The part he'd come within a hair of `rm -rf`-ing at dawn.

The part where the client's fifth change request had come in.

It was a CRM system. A sales-management system for some small company in Gyeonggi Province. At first it was simple. Store customer information, show the sales stage, display the revenue total. About that much.

But the client kept asking to bolt on more.

First, an SMS-sending feature. Then KakaoTalk alert messages. Then a revenue dashboard. Then separate permissions for staff. And then — yesterday — “Please make it so our partner companies can use it together with us, too.”

Seong banged his head against the desk once. Not really banging it — as if about to.

“…General.”

“Yes.”

“…I can't tell what the client wants.”

Lee Eon, who had been standing at attention beside the desk, lowered his head slightly at the words. He looked at the laptop screen. An open Slack chat log was up. The client's five rounds of change requests were all there.

Lee Eon read the Korean. How a man from a thousand years ago could read modern Korean, Seong had no idea, but read it he did. He read for a long while. From top to bottom. Slowly.

When he had finished, Lee Eon asked:

“…Who is this man?”

“…The client.”

“What does this man command of you?”

“It's not a command, it's a commission. He pays money. He hires me to do work.”

“…Money.”

“Yes.”

“How much?”

“…Four.”

“Four.”

“…million won.”

Lee Eon paused for a moment.

“…I see. Four million won, then.”

“Yes.”

Lee Eon looked at the screen again. More slowly this time. Once more, from top to bottom.

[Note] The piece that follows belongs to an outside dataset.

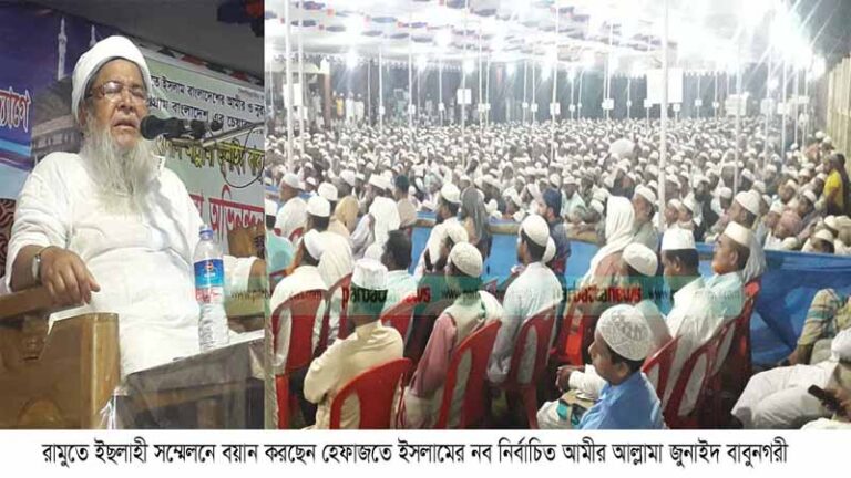 হেফাজতে ইসলাম বাংলাদেশের আমীর নির্বাচিত হওয়ার পর প্রথম জনসম্মুখে বক্তব্য রাখলেন আল্লামা জুনাইদ বাবুনগরী। সোমবার (১৬ নভেম্বর) তিনি ঐতিহ্যবাহি দ্বীনি শিক্ষা প্রতিষ্ঠান রামু চাকমারকুল আল-জামিয়া আল ইসলামীয়া দারুল উলূম মাদ্রাসার ইছ্লাহী মাহফিল ও অভিভাবক সম্মেলনে প্রধান মেহমান হিসেবে বয়ান করেন।

Then he raised his head slightly.

“…This man does not know what he himself wants.”

Seong raised his head.

“…What?”

“This man does not know what he wants. That he changed it five times is the proof.”

“…No, that's usually—”

“In the days when I lived.”

Lee Eon went on slowly. Not looking at Seong, but at the screen.

“When an enemy changes his formation five times, it is not because the enemy's mind has changed five times. It is because the enemy does not know what he is aiming for. An enemy who does not know what he is aiming for — keeps changing his formation. And as he keeps changing it, he forgets, even to himself, what he was truly after.”

Seong set the mug down.

“…So what am I supposed to do?”

“The thing the enemy has forgotten — you must uncover it before he does.”

“…And what is that?”

“That you must ask the man himself — how would I know?”

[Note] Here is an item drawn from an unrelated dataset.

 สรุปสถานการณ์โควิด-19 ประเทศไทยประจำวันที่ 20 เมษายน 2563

“…But I've already asked five times.”

“If you have asked five times and still do not know, then you have asked wrongly.”

Seong looked at the screen. The five messages he'd sent the client were there.

> What features would you like?

> What screens do you need?

> What data would you like to see?

> Which users will use it?

> How are you planning to share it with the partner companies?

Every one of them — all of them — was asking only about the “what.”

Lee Eon, standing at attention beside him, spoke.

“When I met an enemy who kept changing his formations — I did not ask that enemy. I asked his second-in-command. While he changed his formation five times, I would ask: on account of what did he change it?”

“…His second-in-command.”

“This man, too, must have someone above him. Someone who sets this man his tasks.”

Seong paused for a moment.

…There was one. This client was — the sales team leader at a small company. Above him was the CEO. The CEO had never once spoken with Seong directly.

Seong placed his hands on the laptop keyboard.

His hands weren't trembling the way they had yesterday.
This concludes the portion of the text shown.